Guardando la storia con gli occhi di Dio, dall’alto, potremmo insomma pensare che l’elemento più importante è il perimetro generale: tanti eravamo nel 1990, e tanti siamo trentaquattro anni dopo. Tuttavia, per tenere nel nostro quadro un altro parametro fondamentale, dobbiamo provare a capire quante sono le unità abitative, le case disponibili, in questo periodo di tempo. I dati pubblici forniti dall’Agenzia delle Entrate, partono dal 2006. In quell’anno, dalle dichiarazioni dei redditi che riguardano le proprietà immobiliari di Milano, risultavano circa 750 mila unità immobiliari residenziali, mentre nel 2022 ne risultano 820 mila. Siamo di fronte a un aumento delle case disponibili di circa il 10%, mentre nello stesso periodo la popolazione residente cresce da un milione e 300 mila a un milione e 400 mila abbondante. Un aumento sostanzialmente analogo e anzi lievemente più contenuto, in termini percentuali. Quindi, proprio in uno dei periodi di massima crescita dei valori immobiliari, le proporzioni tra residenti e case disponibili sembrano non variare. Il dato parrebbe così contraddire i fondamenti della legge della domanda e dell’offerta, ma questo è vero solo a una sguardo superficiale, perché non considera un elemento decisivo, una tendenza socio-demografica che diventa immediatamente un fattore di mercato: il numero di persone che vivono da sole.
Il costante aumento dell’incidenza statistica di persone che vivono e risiedono sole, è evidentemente un acceleratore del processo di scarsità di abitazioni. Non sappiamo esattamente quanti restano per varia ragione soli, sole, continuando a vivere dove abitavano prima; quanti invece arrivano per stare soli e tali restano in un tempo più o meno lungo; quanti si trovano soli, o decidono di “singlezzarsi”, e devono trovare una nuova casa. Tuttavia, abbiamo una certezza: quante più persone risiedono da sole, tanto meno la crescita demografica assoluta diventa rilevante per la pressione sui prezzi dell’immobiliare. Perché, evidentemente, le case disponibili sono meno, quanto più sono occupate da singoli.

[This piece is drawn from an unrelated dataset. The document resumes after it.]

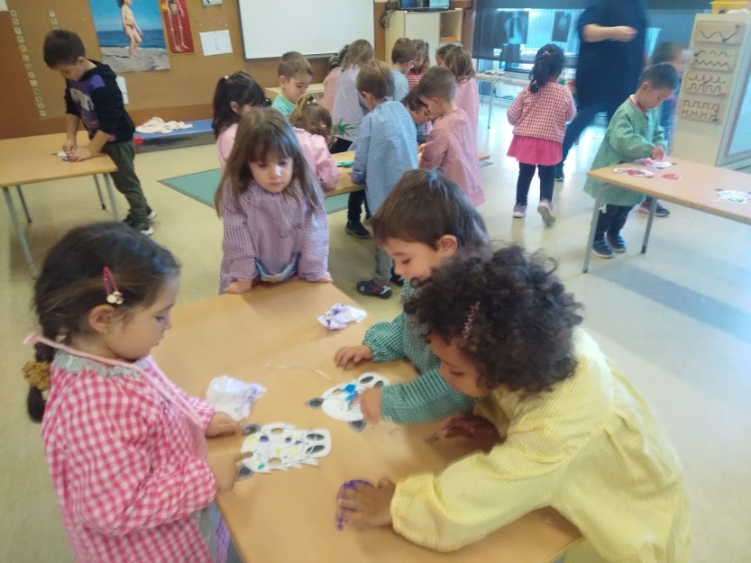 Una altra protagonista de la classe dels diables ha estat l’Arlet Nadales. L’Arlet ha volgut compartir amb les companyes i companys algunes de les joguines que més li agraden: el seu patinet, el seu gos/bolso, una llibreta que canvia de color si passes la mà per sobre, un bebé amb la roba feta per l’àvia de l’Arlet i una tablet de llum molt xula. També ens ha ensenyat les seves fotografies i hem conegut a l’Arlet de petita, a la seva família i el que més li agrada fer. A més, han vingut la seva mare i el seu germà a la nostra classe! Hem fet amb ells una careta d’un cavall (demà són els 3 tombs) i l’hem pintat amb els nostres propis dits! Per acabar hem escoltat la música de la festa dels tres tombs de Vilanova i hem fet nosaltres tres tombs a la classe amb la mama de l’Arlet al capdavant. Ha estat una tarda genial omplint boca per la festa del dia següent! Visca!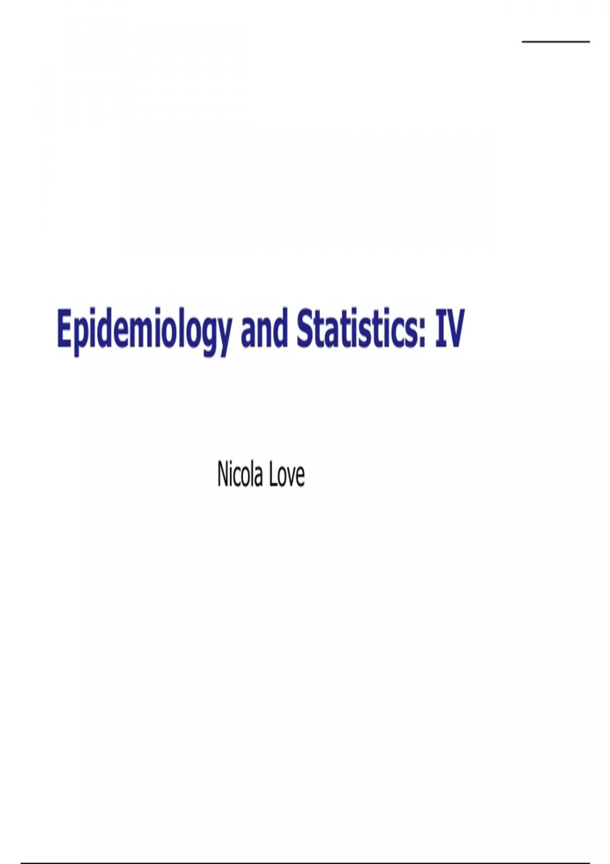 Epidemiology and Statistics: IV

Certo è che i numeri sono impressionanti: nel 1990 le famiglie “senza nucleo” – così la scienza statistica definisce i single di ogni tipo e natura – erano il 32% del totale, delle famiglie milanesi. Dieci anni dopo sono il 37,3%, mentre nel 2011 sono il 44,7%. Nel 2021 arrivano al 47%, e inizio a 2024 costituiscono addirittura uno sbalorditivo 56,7%. Circa 440 mila persona risultano residenti soli, che significa che la maggioranza delle unità abitative di Milano sono appunto abitate da una persona sola, in un contesto di costante aumento della pressione demografica e abitativa su una città finita, per definizione.
È una fotografia che viene sempre ignorata nell’album di famiglia della città, eppure è molto importante per capire cosa stiamo diventando, e per ragionare su come progettare la città di domani, e una società giusta e inclusiva. Del resto, tra quanti sono costantemente ignorati, eppure sono fondamentali alla comprensione di ciò che succede, ci sono molti soggetti sociali: gli abitanti non residenti, come gli studenti, gli stranieri, i pendolari che fanno la città, e molti altri umani che costruiscono Milano. Un po’ alla volta, li incontreremo tutti e tutte.